Old French *cocodrille* was the likely intermediary for the earliest English borrowings, itself derived from Latin *crocodilus*. The doubling of consonants and vowel shifts reflect standard sound changes through Old French.

Root Analysis

No secure Proto-Indo-European root underlies the Greek *krokodilos*. The word is most likely a pre-Greek substrate term — possibly Aegean or Anatolian — adapted by Greek speakers who encountered the animal through trade, travel, and Egyptian contact. This is consistent with a pattern in Greek where animal names (particularly exotic ones) resist PIE reconstruction.

The *krokē* element, however, does connect to Greek *krokos* (saffron, pebble) and possibly to a PIE root *\*ker-* meaning rough or hard surface, which underlies English *coarse* and *hard* through different branches. This remains speculative for the *krokodilos* compound.

Cultural Context and Semantic Shifts

In Egyptian culture, the crocodile was divine — *Sobek*, the crocodile-headed god, presided over the Nile, fertility, and military power. Greek writers knew this and treated the Nile crocodile as a quasi-sacred animal, taboo in some regions of Egypt, hunted and killed in others.

The phrase *crocodile tears* — meaning false or hypocritical griefderives from the ancient (and false) belief that crocodiles weep while eating their prey.
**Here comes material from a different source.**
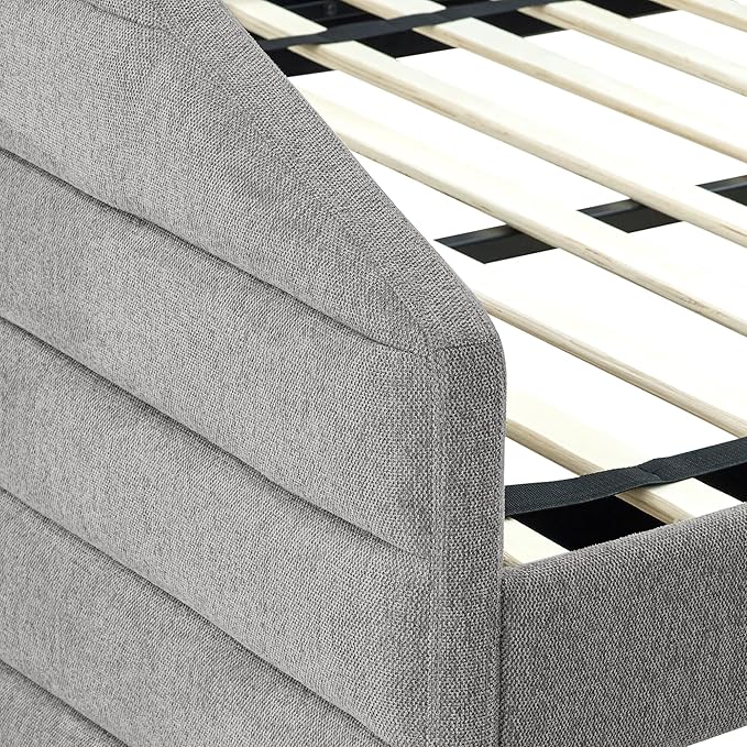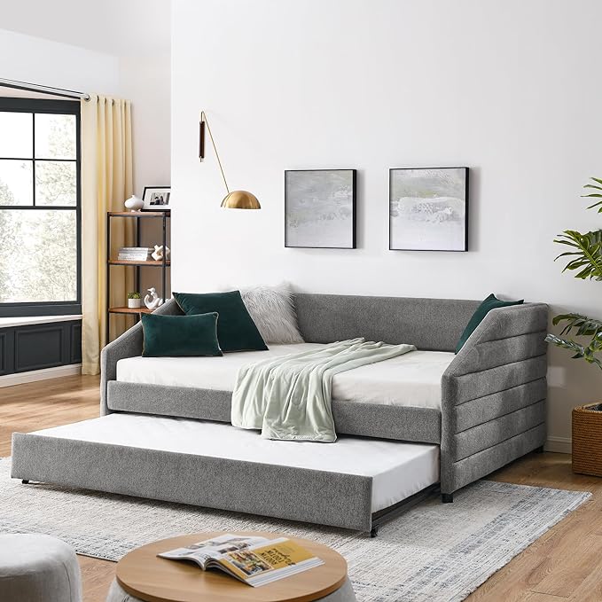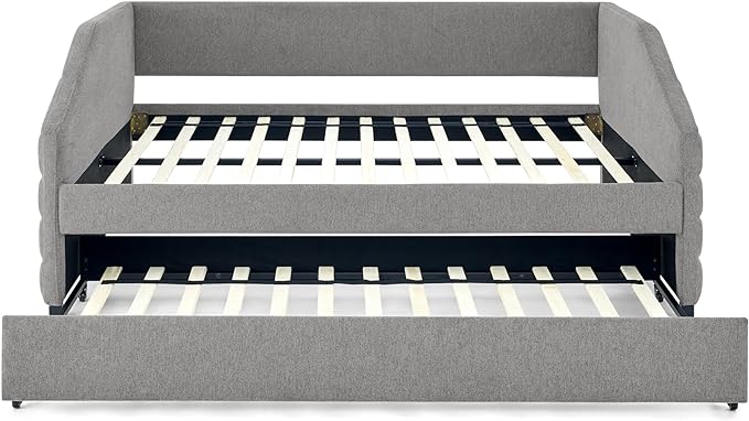 Linen Upholstered Full Size Daybed with Trundle, Solid Wood Tufted Sofa Bed Frame w/Pull Out Bed for Guest Room, Bedroom, Dorm, No Box Spring Needed, Grey

The belief appears in Greek sources, is repeated by Latin writers, and becomes proverbial in English by the 16th century. Sir John Mandeville's *Travels* (c. 1357) gives one of the most elaborate medieval accounts.

Cognates and Relatives

The word has no true genetic cognates — it is a borrowing, not a descendant. But its transmission has generated interesting relatives:

- Cockatrice (English): from *cocodrille* via a misreading or blending with *calcatrix* (treader), it became a fire-breathing heraldic beast - Cocodrilo (Spanish), crocodile (French), Krokodil (German): all from Latin *crocodilus* - Gharial, alligator: unrelated words for related animals — *alligator* from Spanish *el lagarto* (the lizard), ultimately from Latin *lacertus*

Modern Usage vs Original Meaning

The modern English word is taxonomically precise — *Crocodilia* as an order, with crocodiles, alligators, gharials, and caimans as families. The ancient Greek *krokodilos*, by contrast, could refer to any large reptile, and Herodotus used it as a general term for what Egyptians encountered in the Nile. The specificity came later.

The original sensory description — rough-skinned, pebble-like — has been entirely lost from common usage. We do not think of texture when we say *crocodile*. We think of the animal, then the bag, then the tears.